И вот мы всемером на вокзале, в пуховиках и вязаных шапках. Папа пересчитывает чемоданы. Он, кстати, какой-то красный. Маме нельзя таскать тяжести, а папа у нас сильный. Но четыре чемодана и два рюкзака — это все-таки немножко перебор даже для него. И мне показалось, что, несмотря на модную шапку-ушанку, которую ему одолжил дядя, папе не так уж весело.
Всемером можно было занять полвагона. Мы, конечно, подняли бучу в борьбе за верхние полки, и папе пришлось применить силу.
— Может, ты погуляешь со старшими по перрону, — предложила мама папе, — а я в это время разложу тут вещи.
Вечерело. Мы ходили с папой туда-сюда, пока он окончательно не успокоился и не стал показывать нам поезд. В это время малыши буквально прилипли к окнам вагона и корчили нам рожи.
— Папа, а что это за антенка такая на крыше локомотива? — спросил я.
Папа с умным видом начал объяснять:
— Это однофазный пантограф, сынок. Он нужен для того, чтобы… Ну, это такая штучка, которой…
Мы дали папе выговориться и помчались в поезд, потому что тетя в форме уже вовсю махала флажком.

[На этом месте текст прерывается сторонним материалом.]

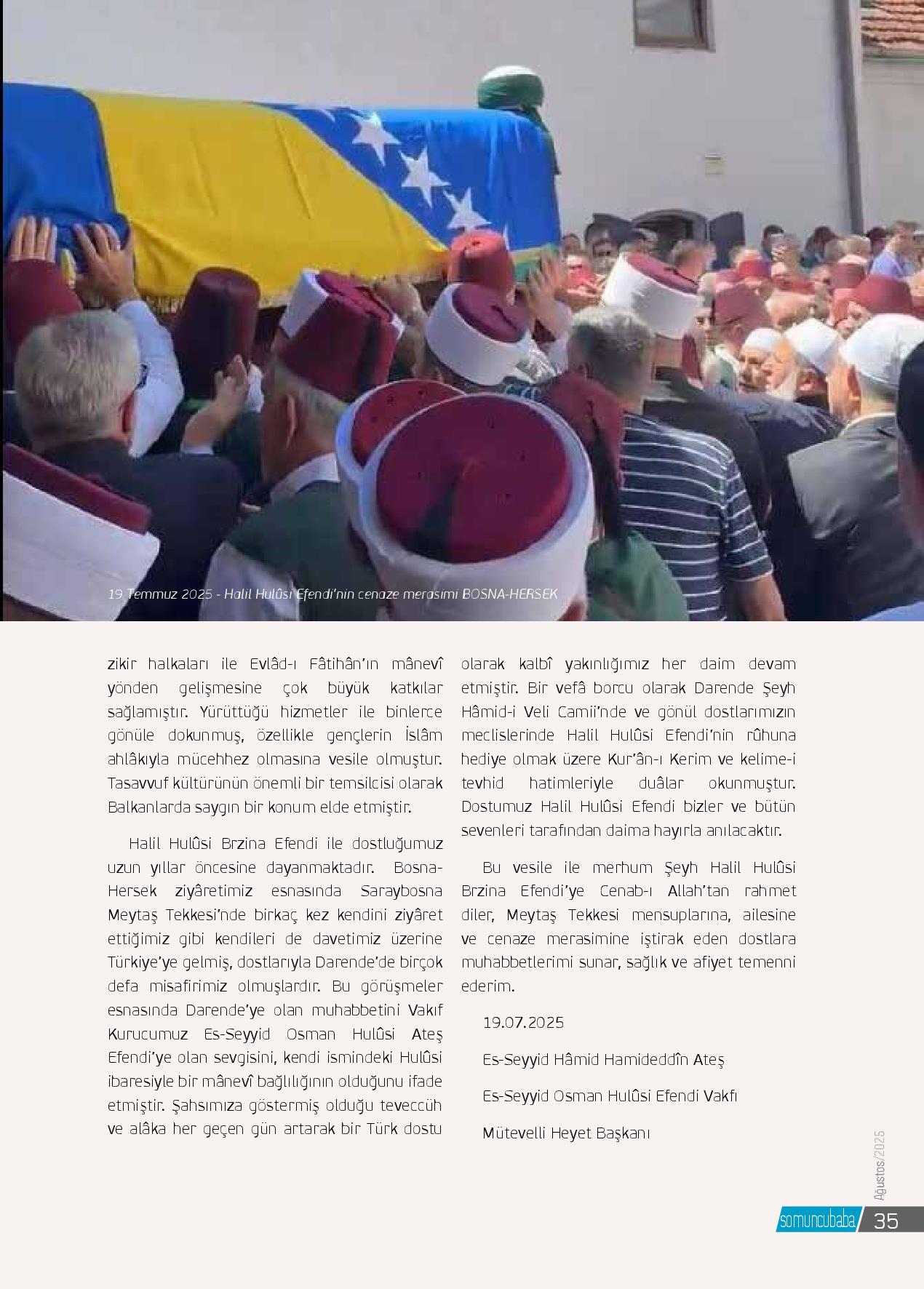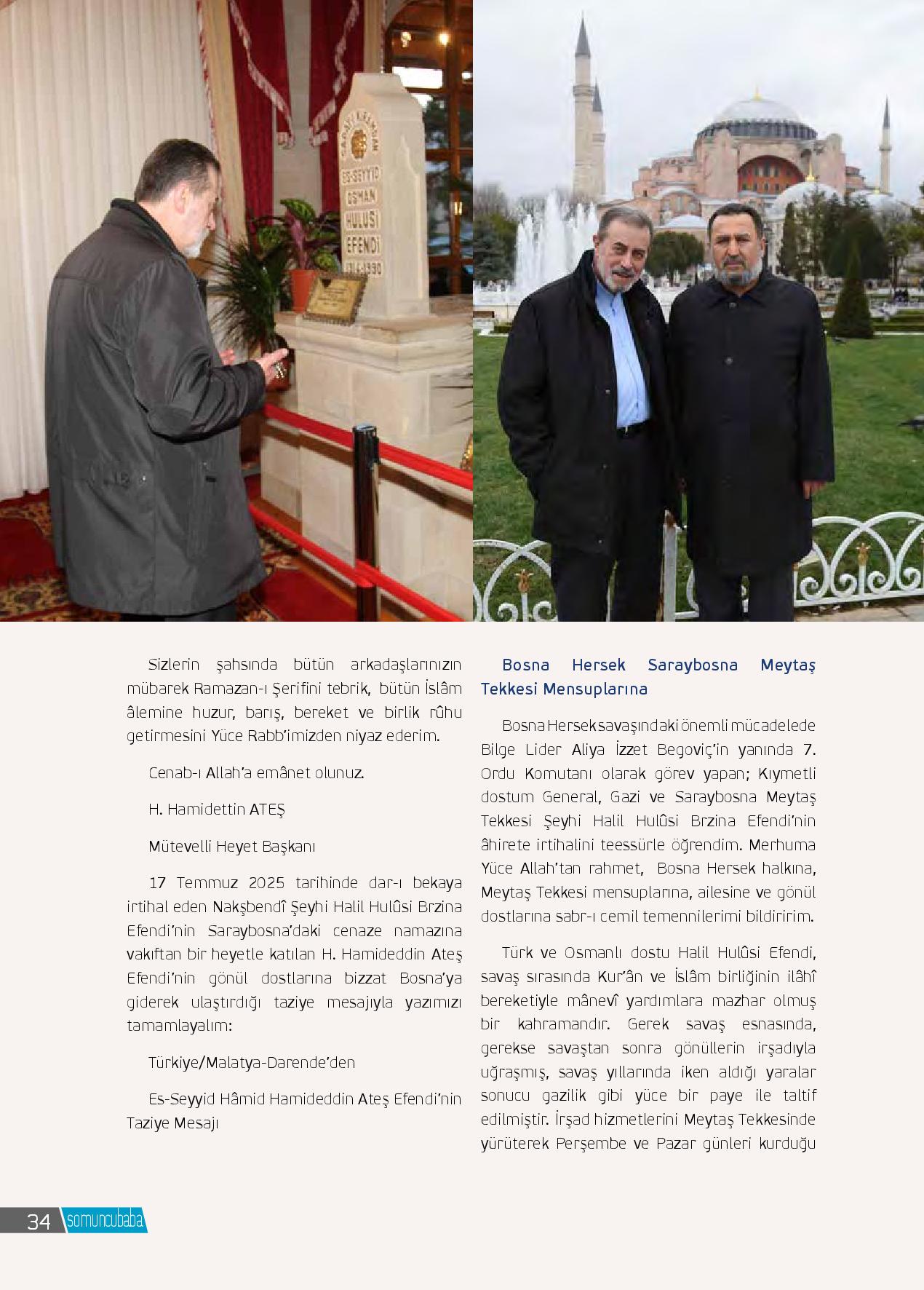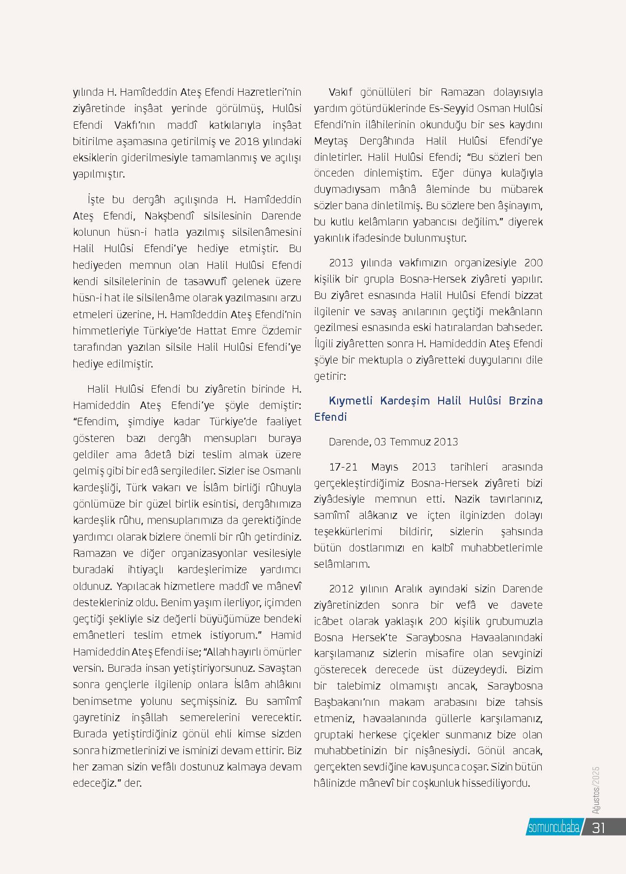 Vefâ Bir İman Şûbesidir: H. Hamideddin Ateş Efendi’nin Vefâlı Bosna Ziyâreti “Vefâ, insana yakışan bir asâlet, dostluğun ve sadâkatin en güzel nişânesidir.” Vefâ, gönül bahçelerinde yetişen bir güldür. Vefâlı insanlar duygu, düşünce ve tasavvurda aynı şeyleri gül güzelliğiy...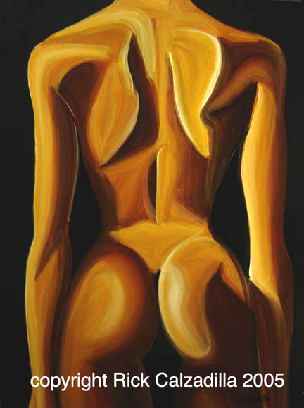 Fine Art paintings Rick Calzadilla Austin,Texas. Life Nude Figure Paintings. "Torso Brown Rear" Contact 512 567 3361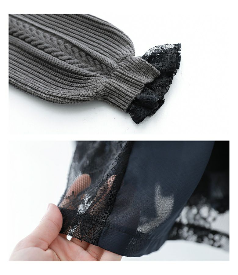素材本体ニット:アクリル100% 別布レース:ナイロン100% 別布シフォン:ポリエステル100% 裏地:ポリエステル100%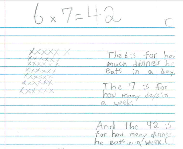- Will students show that they know what the numbers mean? For example, what do the 7 and the 6 stand for? What does the 42 represent? What story is the equation 7 x 6 telling us?

Когда поезд тронулся, мама спросила:
— А где это наш Жан В.?
— Жан В.? — удивился папа. — Разве он не с тобой оставался?
— Нет, он ушел с тобой!
Папа пулей полетел в тамбур — там никого!
И тогда он заметил Жана В. на перроне, в пижаме и с пальцем во рту. Он смотрел на нас через окно, как на сумасшедших рыбок в аквариуме. К счастью, поезд еще не успел набрать скорость. Папа с криками «извиняюсь, простите!» растолкал пассажиров, плечом толкнул дверь и повис в воздухе, стоя на ступеньке вагона…
…Держась за поручень, он схватил Жана В. за штанишки и одной рукой швырнул его в вагон, как плюшевого медвежонка. Я уже говорил, что мой папа очень сильный?
Ошеломленный Жан В., похоже, так и не понял, что с ним приключилось. Не нужно быть прорицателем, чтобы догадаться, что в следующие пятнадцать минут нам всем влетело бы по первое число.
— Ты… Ты!.. — схватив Жана В. за воротник, кричал папа.
Спасло его только то, что вокруг папы столпились пассажиры и с восторгом аплодировали ему как герою. Подпихивая Жана В. вперед, папа с гордо поднятой головой шагал по коридору вагона и, кивая в разные стороны, благодарил за внимание, бурча: «Спасибо, спасибо».
«Смертельный номер воздушных акробатов Жанов, — подумал я. — Невиданный цирковой трюк!»
Папа захлопнул за собой дверь купе:
— На сей раз, ребятки, вам точно не поздоровится…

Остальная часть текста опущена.